## TASK TO CARRY OUT:
Before copying, find the line below that contains "Inhibition of FG"; then return it and all later lines exactly, up to and including the final line, with no pictures.
*** DATA SHOWN ***
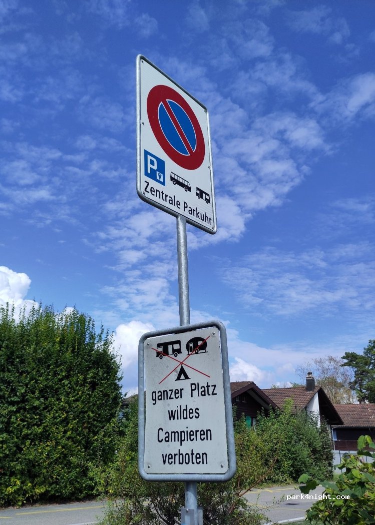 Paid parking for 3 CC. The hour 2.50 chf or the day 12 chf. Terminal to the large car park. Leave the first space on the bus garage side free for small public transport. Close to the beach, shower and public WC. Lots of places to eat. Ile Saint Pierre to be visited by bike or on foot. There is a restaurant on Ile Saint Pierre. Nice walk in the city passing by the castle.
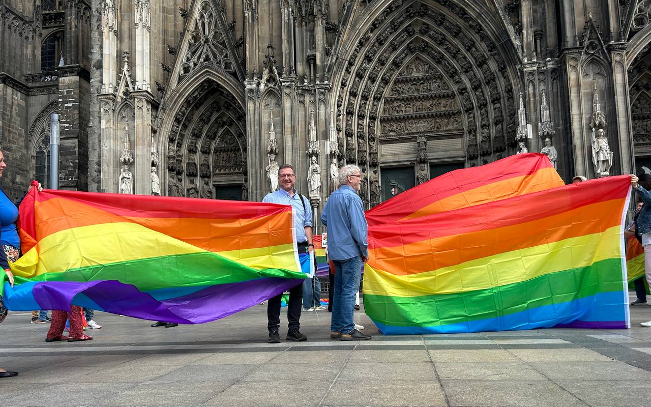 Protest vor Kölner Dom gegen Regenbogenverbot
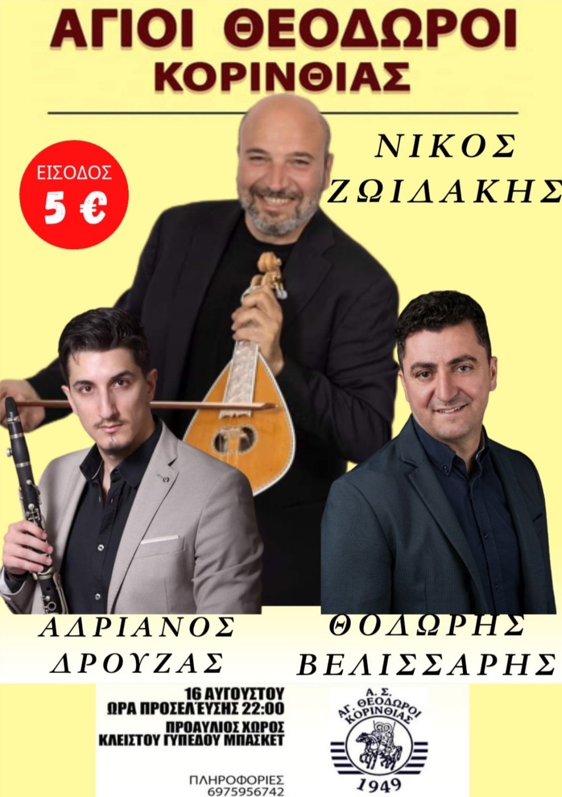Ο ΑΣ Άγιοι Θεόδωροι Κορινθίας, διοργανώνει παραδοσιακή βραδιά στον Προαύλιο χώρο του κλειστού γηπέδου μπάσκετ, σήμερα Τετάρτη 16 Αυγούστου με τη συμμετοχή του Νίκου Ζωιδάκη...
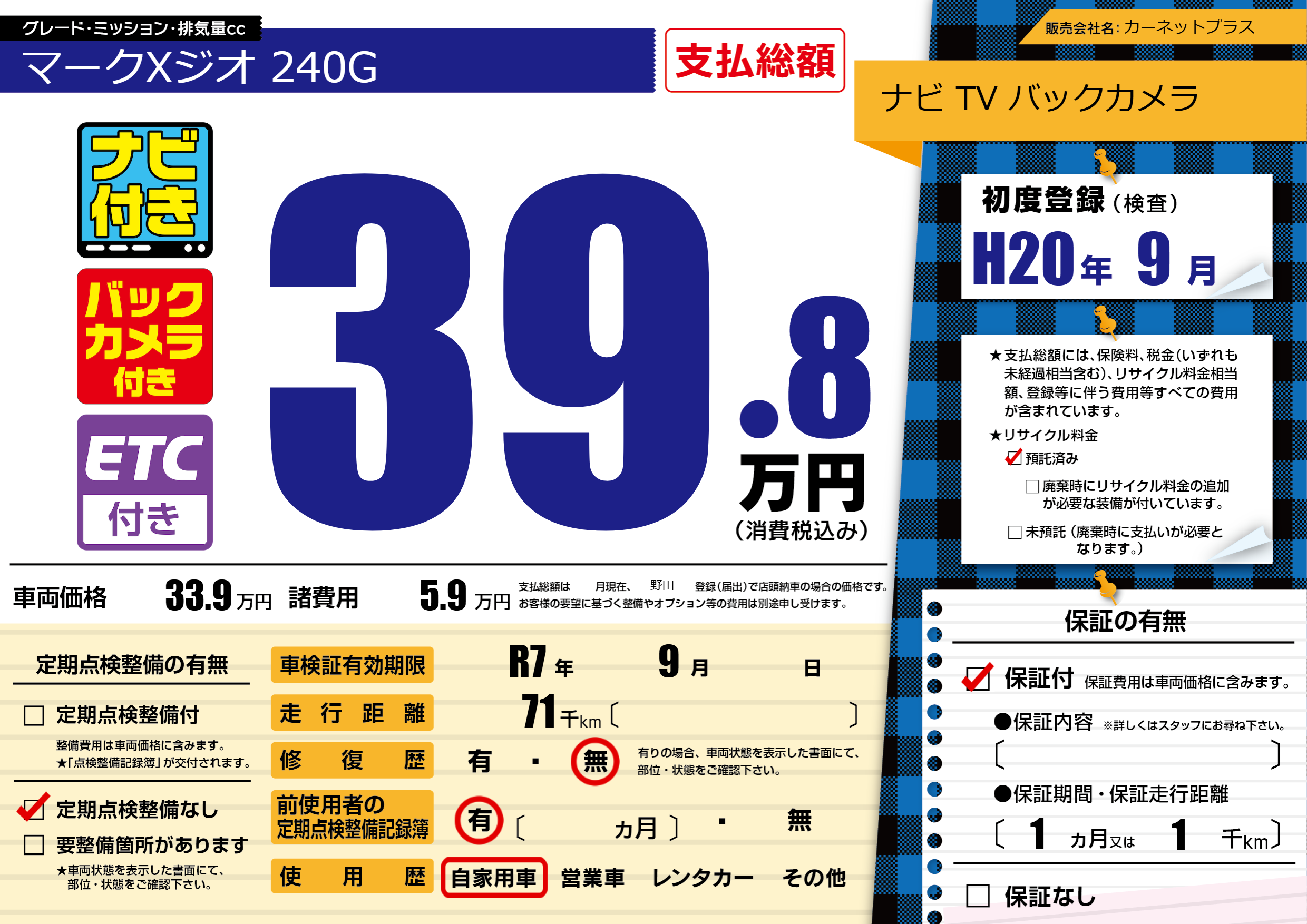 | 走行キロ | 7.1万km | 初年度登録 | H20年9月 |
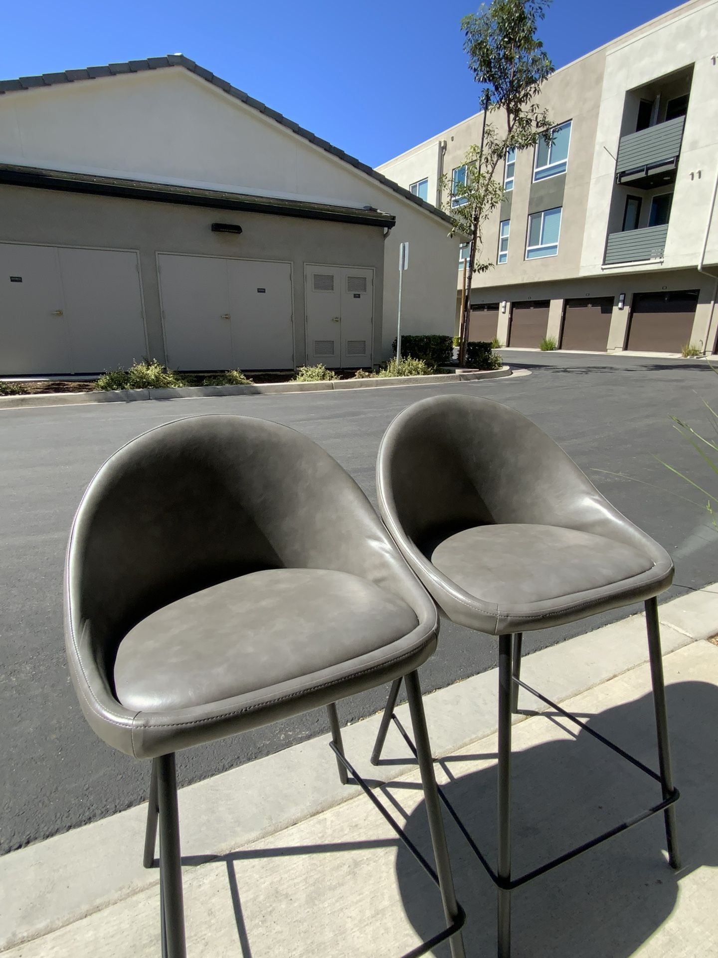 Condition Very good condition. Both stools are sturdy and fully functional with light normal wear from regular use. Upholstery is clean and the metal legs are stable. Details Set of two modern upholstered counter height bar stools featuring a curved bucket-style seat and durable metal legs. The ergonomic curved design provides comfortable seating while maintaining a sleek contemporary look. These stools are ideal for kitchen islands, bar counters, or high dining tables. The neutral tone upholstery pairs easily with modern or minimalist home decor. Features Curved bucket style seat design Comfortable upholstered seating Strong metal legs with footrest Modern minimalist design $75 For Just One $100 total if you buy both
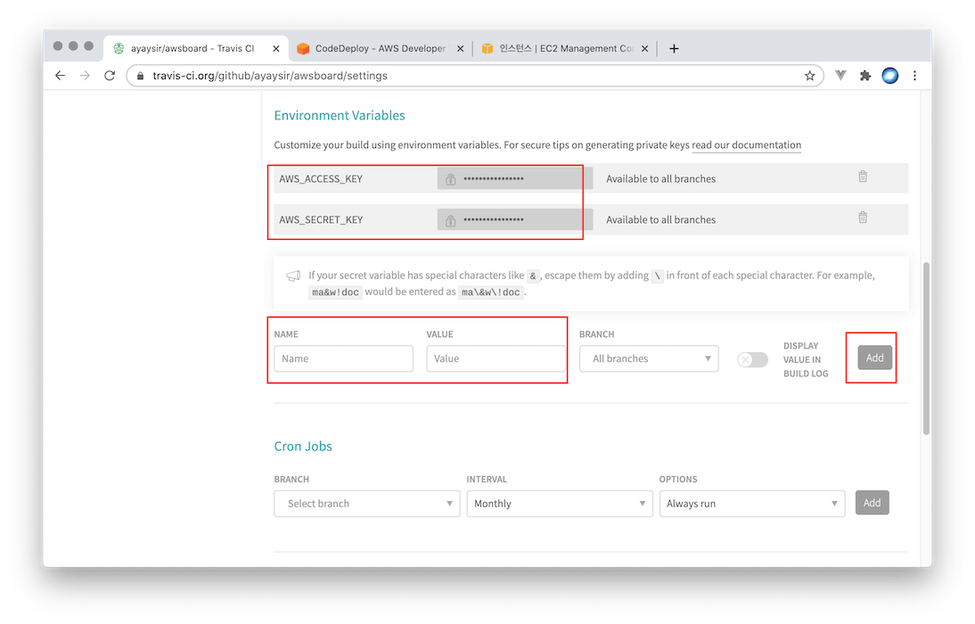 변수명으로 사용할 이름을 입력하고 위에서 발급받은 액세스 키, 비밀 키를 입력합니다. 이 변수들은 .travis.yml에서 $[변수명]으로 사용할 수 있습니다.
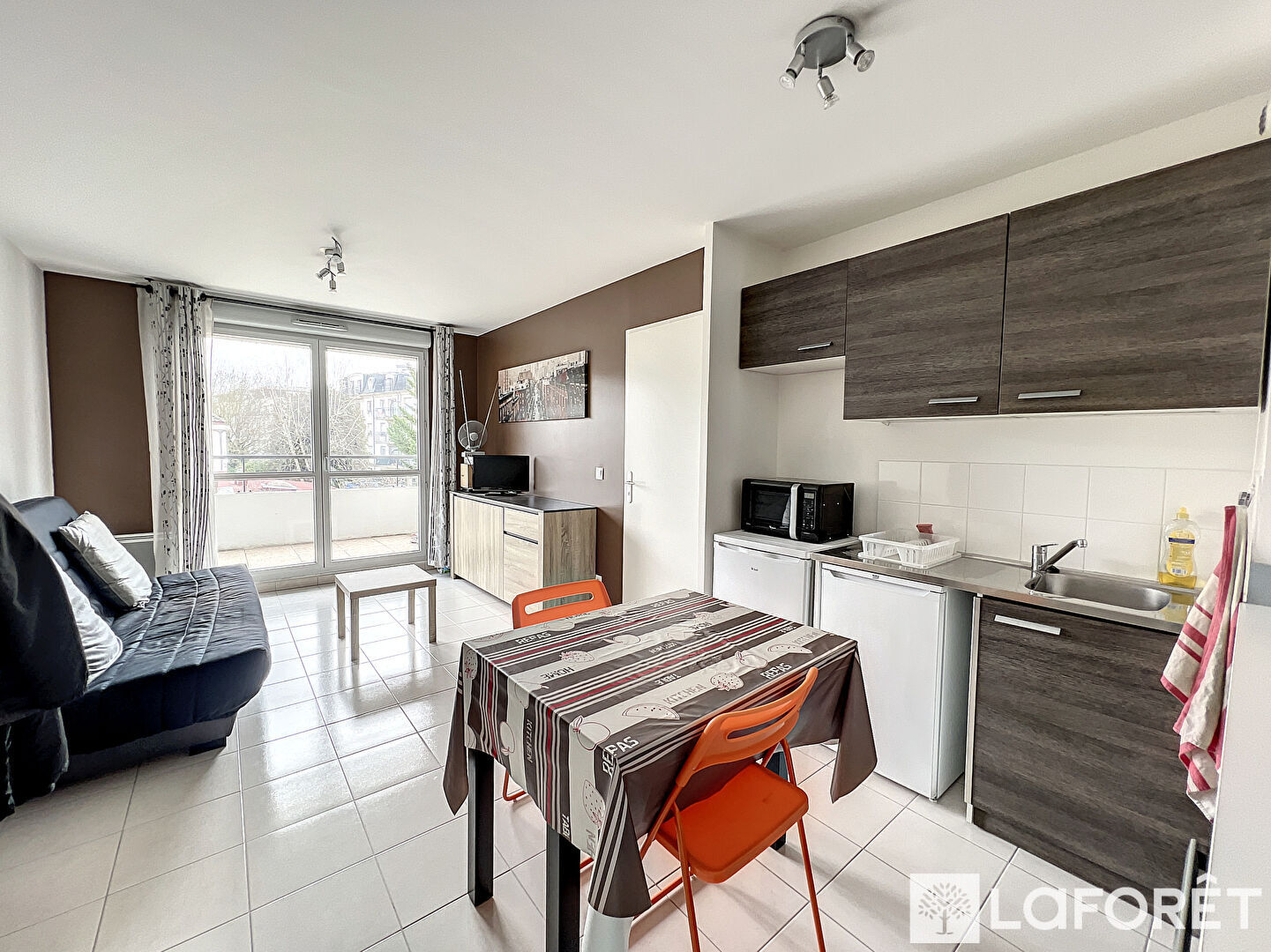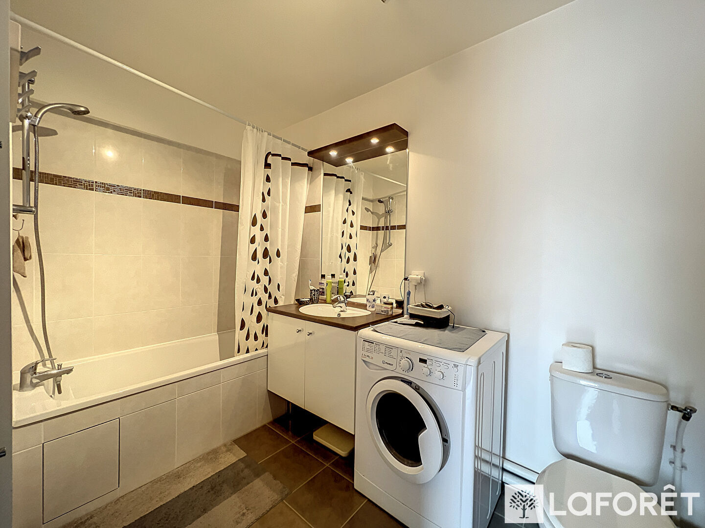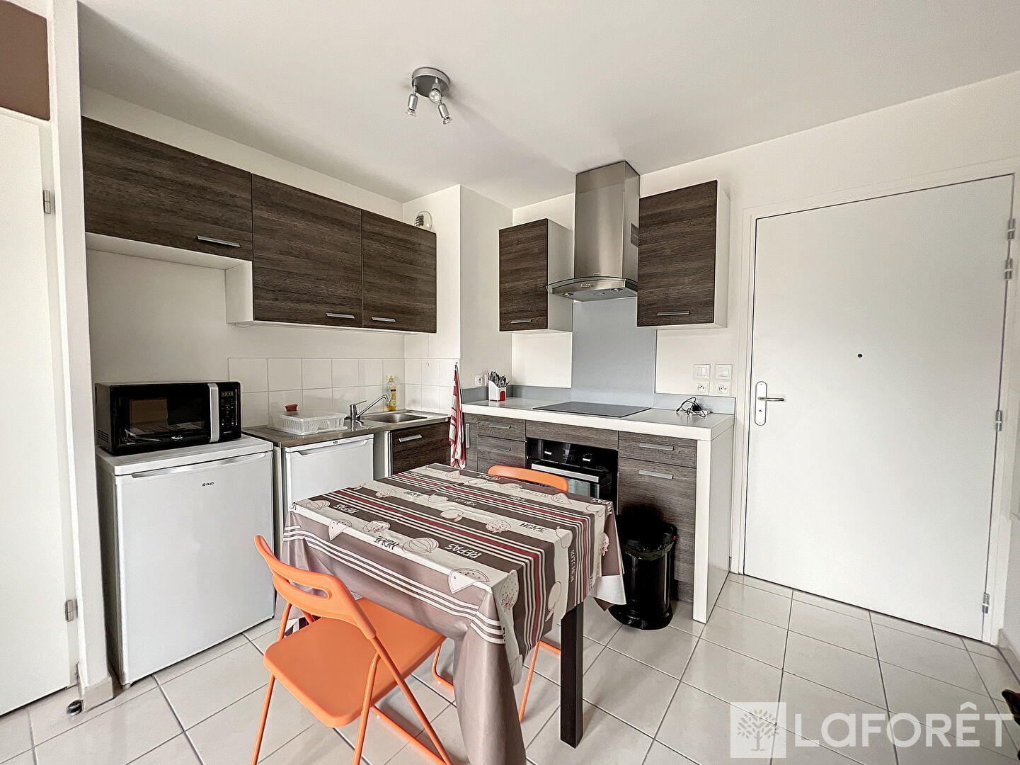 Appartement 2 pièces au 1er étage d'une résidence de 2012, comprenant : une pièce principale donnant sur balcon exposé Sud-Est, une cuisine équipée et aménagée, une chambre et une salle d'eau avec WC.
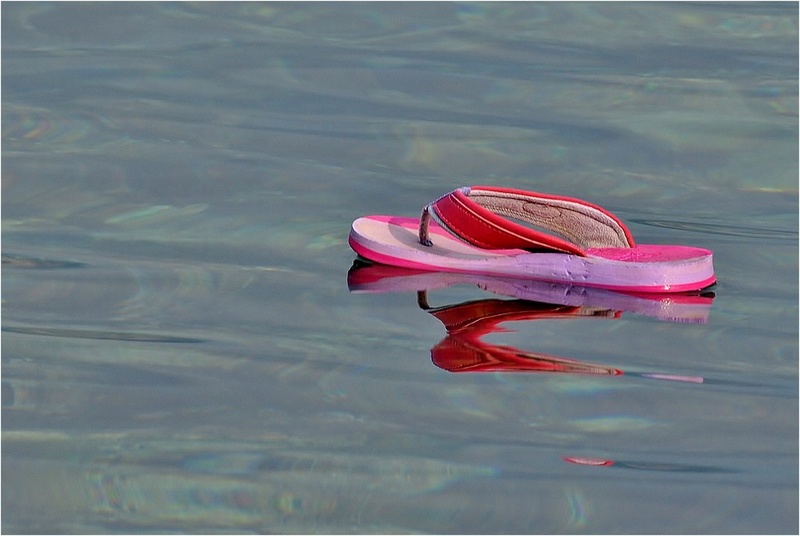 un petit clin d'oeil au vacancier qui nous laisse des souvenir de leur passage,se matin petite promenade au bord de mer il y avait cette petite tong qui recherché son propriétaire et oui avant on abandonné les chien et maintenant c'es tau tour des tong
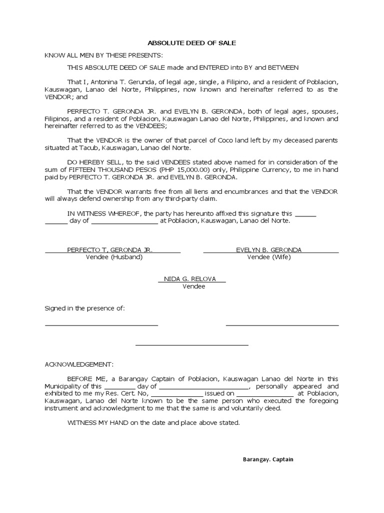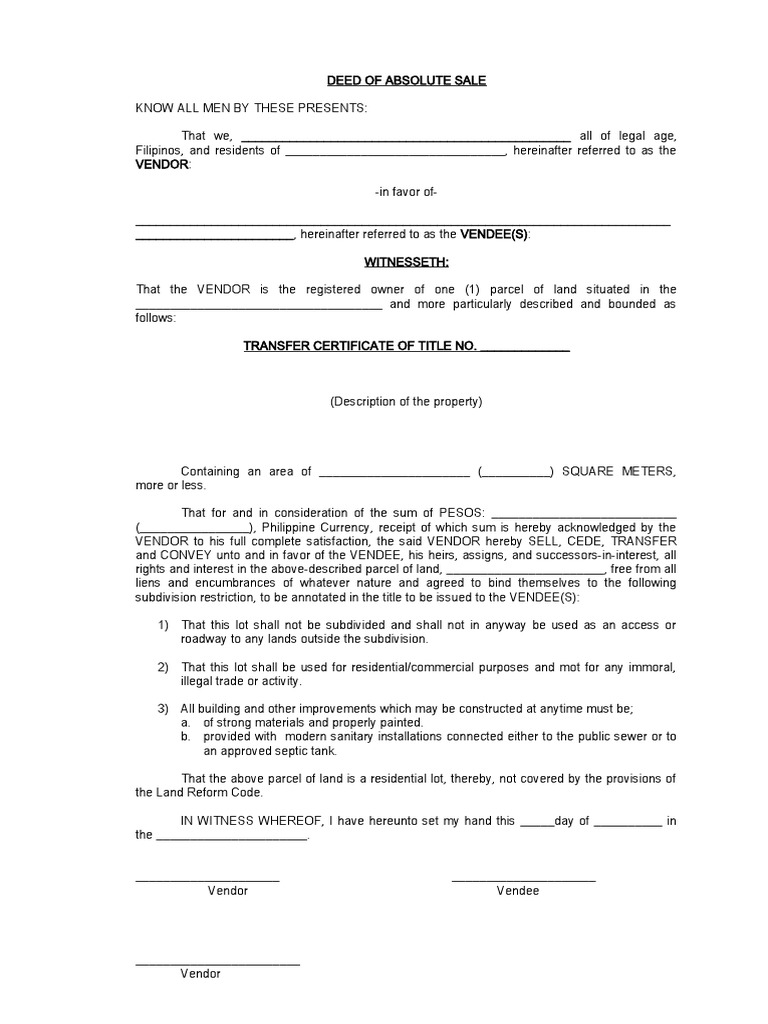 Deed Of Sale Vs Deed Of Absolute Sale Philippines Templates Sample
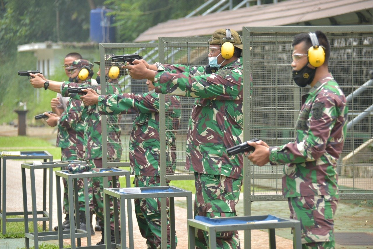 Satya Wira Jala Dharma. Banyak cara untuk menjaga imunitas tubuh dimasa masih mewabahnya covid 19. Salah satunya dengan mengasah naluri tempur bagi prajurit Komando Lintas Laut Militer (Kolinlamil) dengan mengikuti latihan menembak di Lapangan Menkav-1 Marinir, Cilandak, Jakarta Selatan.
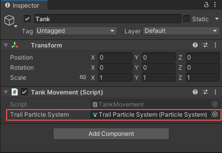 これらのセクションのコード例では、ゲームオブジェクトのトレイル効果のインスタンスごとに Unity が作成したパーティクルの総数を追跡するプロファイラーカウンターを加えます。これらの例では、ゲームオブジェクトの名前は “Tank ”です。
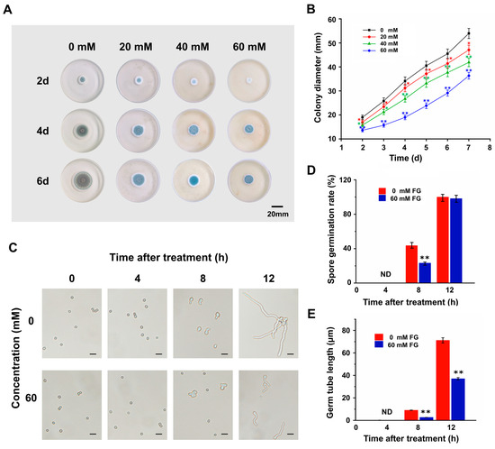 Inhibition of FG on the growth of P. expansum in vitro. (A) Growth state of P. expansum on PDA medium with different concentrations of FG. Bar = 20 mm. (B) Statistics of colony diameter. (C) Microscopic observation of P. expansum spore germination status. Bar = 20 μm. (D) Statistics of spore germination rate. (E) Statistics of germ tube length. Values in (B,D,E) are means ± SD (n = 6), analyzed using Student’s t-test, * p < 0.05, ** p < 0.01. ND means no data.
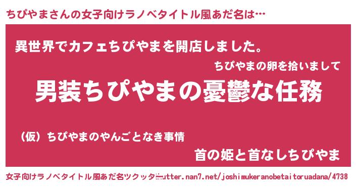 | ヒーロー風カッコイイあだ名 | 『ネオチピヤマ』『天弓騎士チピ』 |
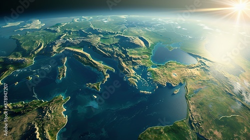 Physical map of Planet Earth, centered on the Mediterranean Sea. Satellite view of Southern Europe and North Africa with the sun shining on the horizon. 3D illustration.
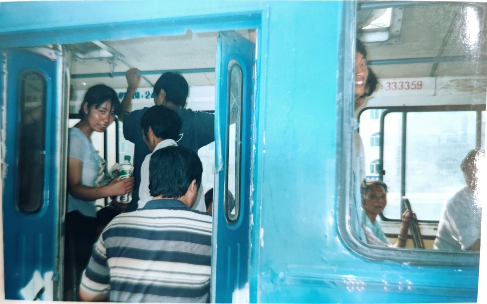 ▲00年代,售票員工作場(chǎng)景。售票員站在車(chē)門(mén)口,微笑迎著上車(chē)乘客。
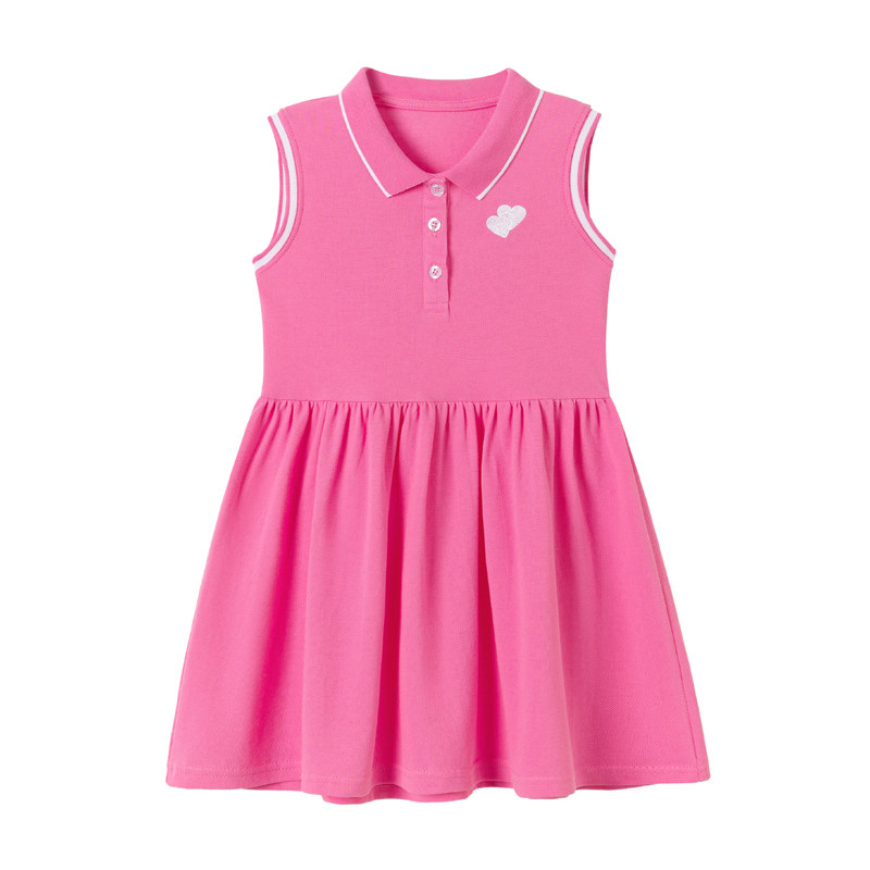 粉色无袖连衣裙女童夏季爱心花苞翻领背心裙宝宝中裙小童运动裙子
*** End of DATA SHOWN ***
## RESPONSE TO THE TASK:
 Inhibition of FG on the growth of P. expansum in vitro. (A) Growth state of P. expansum on PDA medium with different concentrations of FG. Bar = 20 mm. (B) Statistics of colony diameter. (C) Microscopic observation of P. expansum spore germination status. Bar = 20 μm. (D) Statistics of spore germination rate. (E) Statistics of germ tube length. Values in (B,D,E) are means ± SD (n = 6), analyzed using Student’s t-test, * p < 0.05, ** p < 0.01. ND means no data.
 | ヒーロー風カッコイイあだ名 | 『ネオチピヤマ』『天弓騎士チピ』 |
 Physical map of Planet Earth, centered on the Mediterranean Sea. Satellite view of Southern Europe and North Africa with the sun shining on the horizon. 3D illustration.
 ▲00年代,售票員工作場(chǎng)景。售票員站在車(chē)門(mén)口,微笑迎著上車(chē)乘客。
 粉色无袖连衣裙女童夏季爱心花苞翻领背心裙宝宝中裙小童运动裙子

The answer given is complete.